Not doing so good here I am afraid, I had a big break down last night, facing a bfn ahead of me I think which I could face in general if I could get going again asap. We have things ahead that may stop us ttc again for at least 6 months and I broke down saying to DH I really cant put it all on hold for so long and do nothing. My whole life has been hold these last few years.
Just got my results back from the pgd testing also, out of the three we tested only one has come back normal. Which I am taking back as a positive as at least we will not be wasting our time transfering two abnormal embryos that have no way of making a baby, trying to find small positives in anything I can.
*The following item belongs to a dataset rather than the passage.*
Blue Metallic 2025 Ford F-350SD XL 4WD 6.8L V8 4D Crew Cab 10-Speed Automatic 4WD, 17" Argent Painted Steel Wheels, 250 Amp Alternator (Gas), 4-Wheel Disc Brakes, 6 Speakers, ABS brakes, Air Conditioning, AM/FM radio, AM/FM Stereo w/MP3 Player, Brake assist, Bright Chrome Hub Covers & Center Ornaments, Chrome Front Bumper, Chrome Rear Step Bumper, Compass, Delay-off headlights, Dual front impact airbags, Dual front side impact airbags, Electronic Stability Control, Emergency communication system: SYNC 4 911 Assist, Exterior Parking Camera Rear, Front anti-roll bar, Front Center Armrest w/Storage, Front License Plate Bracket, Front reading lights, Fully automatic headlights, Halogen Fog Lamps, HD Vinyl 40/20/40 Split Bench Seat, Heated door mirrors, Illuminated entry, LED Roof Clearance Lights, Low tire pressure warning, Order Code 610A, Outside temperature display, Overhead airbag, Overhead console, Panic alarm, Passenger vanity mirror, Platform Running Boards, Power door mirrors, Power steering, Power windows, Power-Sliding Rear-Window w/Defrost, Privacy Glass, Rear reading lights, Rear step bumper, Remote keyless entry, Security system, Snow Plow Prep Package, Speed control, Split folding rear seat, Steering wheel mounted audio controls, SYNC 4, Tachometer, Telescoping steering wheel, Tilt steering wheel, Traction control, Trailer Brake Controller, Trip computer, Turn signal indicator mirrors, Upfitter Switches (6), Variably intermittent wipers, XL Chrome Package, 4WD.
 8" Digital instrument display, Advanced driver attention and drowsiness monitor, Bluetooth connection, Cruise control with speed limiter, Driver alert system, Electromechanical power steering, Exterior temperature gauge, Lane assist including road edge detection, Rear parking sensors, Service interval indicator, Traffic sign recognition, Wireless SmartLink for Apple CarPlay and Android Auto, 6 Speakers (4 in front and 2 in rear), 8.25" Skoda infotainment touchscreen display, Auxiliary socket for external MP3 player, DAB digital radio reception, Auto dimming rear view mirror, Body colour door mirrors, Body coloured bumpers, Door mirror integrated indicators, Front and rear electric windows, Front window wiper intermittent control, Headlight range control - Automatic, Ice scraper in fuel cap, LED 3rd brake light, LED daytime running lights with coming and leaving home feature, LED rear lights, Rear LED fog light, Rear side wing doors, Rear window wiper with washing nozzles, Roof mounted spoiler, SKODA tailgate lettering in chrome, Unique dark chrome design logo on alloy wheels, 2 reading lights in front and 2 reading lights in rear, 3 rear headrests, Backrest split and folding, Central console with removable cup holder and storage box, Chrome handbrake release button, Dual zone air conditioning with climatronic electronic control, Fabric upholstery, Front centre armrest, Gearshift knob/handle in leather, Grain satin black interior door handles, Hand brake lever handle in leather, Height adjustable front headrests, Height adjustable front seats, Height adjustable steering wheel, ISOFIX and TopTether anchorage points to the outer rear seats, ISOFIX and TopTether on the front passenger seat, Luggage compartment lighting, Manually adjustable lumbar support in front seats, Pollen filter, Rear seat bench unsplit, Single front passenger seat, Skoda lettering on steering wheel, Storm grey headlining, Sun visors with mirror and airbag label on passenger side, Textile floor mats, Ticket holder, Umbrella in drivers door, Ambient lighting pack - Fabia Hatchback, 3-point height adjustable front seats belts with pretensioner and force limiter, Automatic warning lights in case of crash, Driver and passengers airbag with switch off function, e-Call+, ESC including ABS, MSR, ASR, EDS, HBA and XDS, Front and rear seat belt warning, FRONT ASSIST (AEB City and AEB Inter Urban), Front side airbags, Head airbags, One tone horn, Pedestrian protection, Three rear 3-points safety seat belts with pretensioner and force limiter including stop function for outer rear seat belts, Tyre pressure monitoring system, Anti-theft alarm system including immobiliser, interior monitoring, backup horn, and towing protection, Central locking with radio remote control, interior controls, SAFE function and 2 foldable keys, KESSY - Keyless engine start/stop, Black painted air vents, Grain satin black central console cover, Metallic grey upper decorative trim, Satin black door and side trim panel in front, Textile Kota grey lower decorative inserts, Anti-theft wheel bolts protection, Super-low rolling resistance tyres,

@mrsparso it defiantly helps to have a supportive person around me most of the day. It's starting to do my head in all the twinges and cramps haha. I just did a power spew from indigestion and reflux. I feel you about the yoyo that's for sure. @ Heyside hugs to you honey xx
It may be a possibility the cramps are from the progesterone hun but could also be a good sign. I feel nothing hun no cramps no fullness feeling nothing!! In past cycles I have got a bfp at bt time and looked back and said oh yes I suppose I did have cramping after transfer or I suddenly realise I have a fullness in my stomach that I was unaware of but this time nothing at all. Sorry bringing this thread down. Need to decide if I risk an FET with my normal embie in which it may not thaw (same situation as last time) or do another fresh and then transfer normal embie. Also need to decide if I can wait the 6 months or not.
I am not sure @Rosie888 sorry I tend to always hit rock bottom at this point the tww is too long especially with the extra wait from boosters. I have been here just too many times I have just practically sobbed on a friends shoulders this afternoon too 😢.
Heyside I'm really sorry that you feel you might get a negative result. I totally understand why you would have a break down moment and I'm sure your DH understood too. We put so much pressure and expectations on ourselves and our bodies each cycle. When we want the result so bad it's so heartbreaking when you feel it's not going to happen in the foreseeable future. But lovely remember also that it's so hard to read our bodies at this time with all the meds messing us about. I'll hang onto the hope that you still might get a positive and get a lovely surprise. I'm really pleased for you that one of your little embies cleared the test. That is definitely something to be positive about.
I've had a very down day myself. Popped into the city to grab a few things and when i met up with DH i just started crying for no reason in the middle of the mall. I'm feeling a lot of period type cramps and am very worried AF is going to show her nasty face. I've had some pink crinone come out too which i know is not necessarily bad but still makes me worry. Especially when i still have a week of waiting for the BT.
This experience really is just so damn hard. But at least we have each other to vent to when needed xx
Ahh we're all so messed up. @Heyside down with no symptom worry and @Rosie888 and myself down with feeling what could be anything really?!! I wish we could just see into a crystal ball and know what the result will be so we don't have to torture ourselves anymore. @Heyside I'm glad you have a friend to lean on. We just need to cry it out with our friends sometimes. I personally could do with drinking a bottle of bubbles....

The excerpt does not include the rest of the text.